ACTIVITY => Copy the lines of the data below exactly, starting at the first and stopping after the line that contains "Tamaño de la"; include no pictures.

ENTRIES SHOWN =>
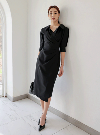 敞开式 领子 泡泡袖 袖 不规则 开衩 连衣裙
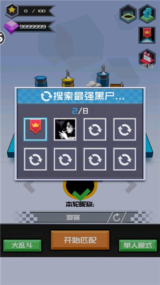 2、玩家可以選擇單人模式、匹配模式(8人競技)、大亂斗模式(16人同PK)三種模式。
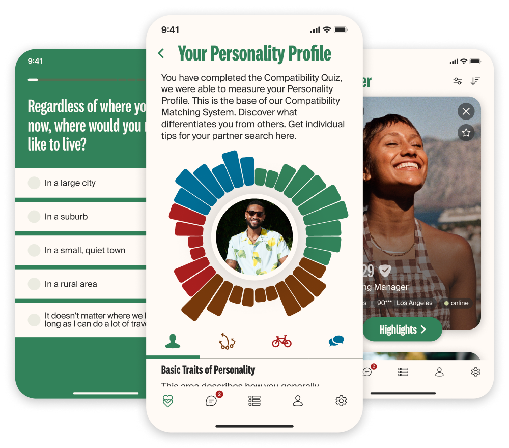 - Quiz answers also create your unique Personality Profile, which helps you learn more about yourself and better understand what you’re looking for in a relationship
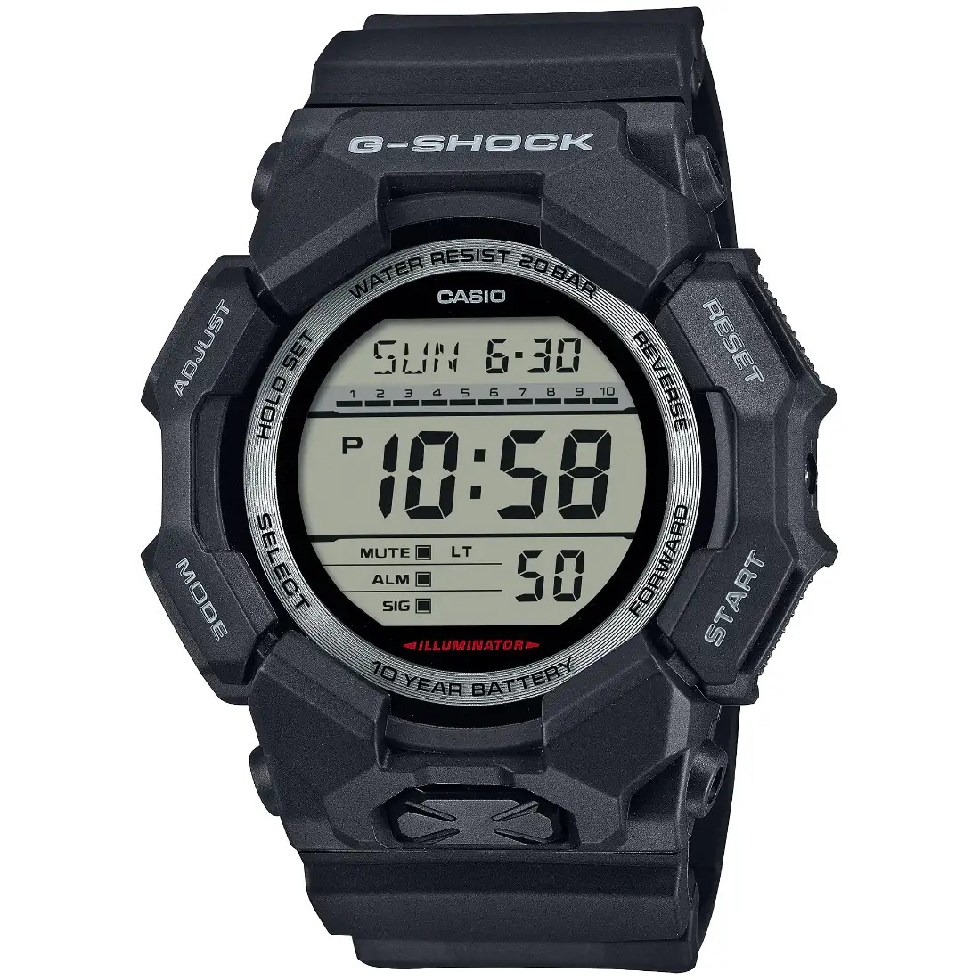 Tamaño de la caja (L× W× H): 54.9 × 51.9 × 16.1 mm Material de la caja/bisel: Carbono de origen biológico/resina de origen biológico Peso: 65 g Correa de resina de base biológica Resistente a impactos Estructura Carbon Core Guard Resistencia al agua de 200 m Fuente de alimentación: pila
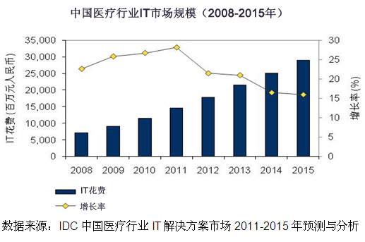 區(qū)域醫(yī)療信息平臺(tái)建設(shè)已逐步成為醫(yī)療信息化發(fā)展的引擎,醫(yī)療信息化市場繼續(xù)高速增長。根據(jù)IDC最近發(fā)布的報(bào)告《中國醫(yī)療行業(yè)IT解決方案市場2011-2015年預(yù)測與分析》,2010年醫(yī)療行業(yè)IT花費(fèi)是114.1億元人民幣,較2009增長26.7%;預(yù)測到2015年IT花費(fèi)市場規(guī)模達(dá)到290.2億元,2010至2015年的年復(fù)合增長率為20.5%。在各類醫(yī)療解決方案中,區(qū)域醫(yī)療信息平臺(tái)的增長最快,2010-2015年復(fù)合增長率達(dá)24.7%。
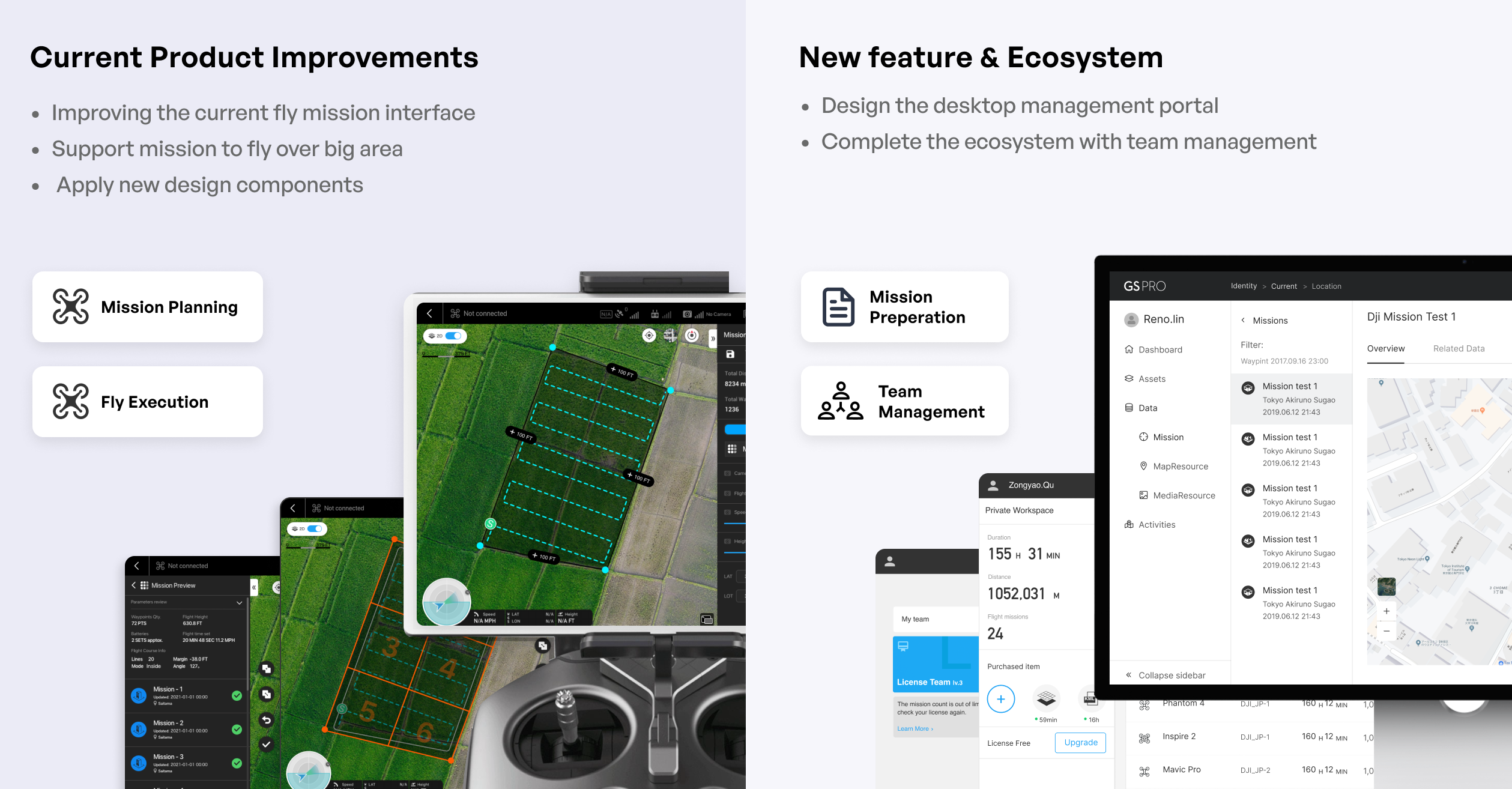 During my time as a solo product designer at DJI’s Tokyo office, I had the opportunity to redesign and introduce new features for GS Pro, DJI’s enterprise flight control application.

SOLUTION TO THIS TASK =>
 敞开式 领子 泡泡袖 袖 不规则 开衩 连衣裙
 2、玩家可以選擇單人模式、匹配模式(8人競技)、大亂斗模式(16人同PK)三種模式。
 - Quiz answers also create your unique Personality Profile, which helps you learn more about yourself and better understand what you’re looking for in a relationship
 Tamaño de la caja (L× W× H): 54.9 × 51.9 × 16.1 mm Material de la caja/bisel: Carbono de origen biológico/resina de origen biológico Peso: 65 g Correa de resina de base biológica Resistente a impactos Estructura Carbon Core Guard Resistencia al agua de 200 m Fuente de alimentación: pila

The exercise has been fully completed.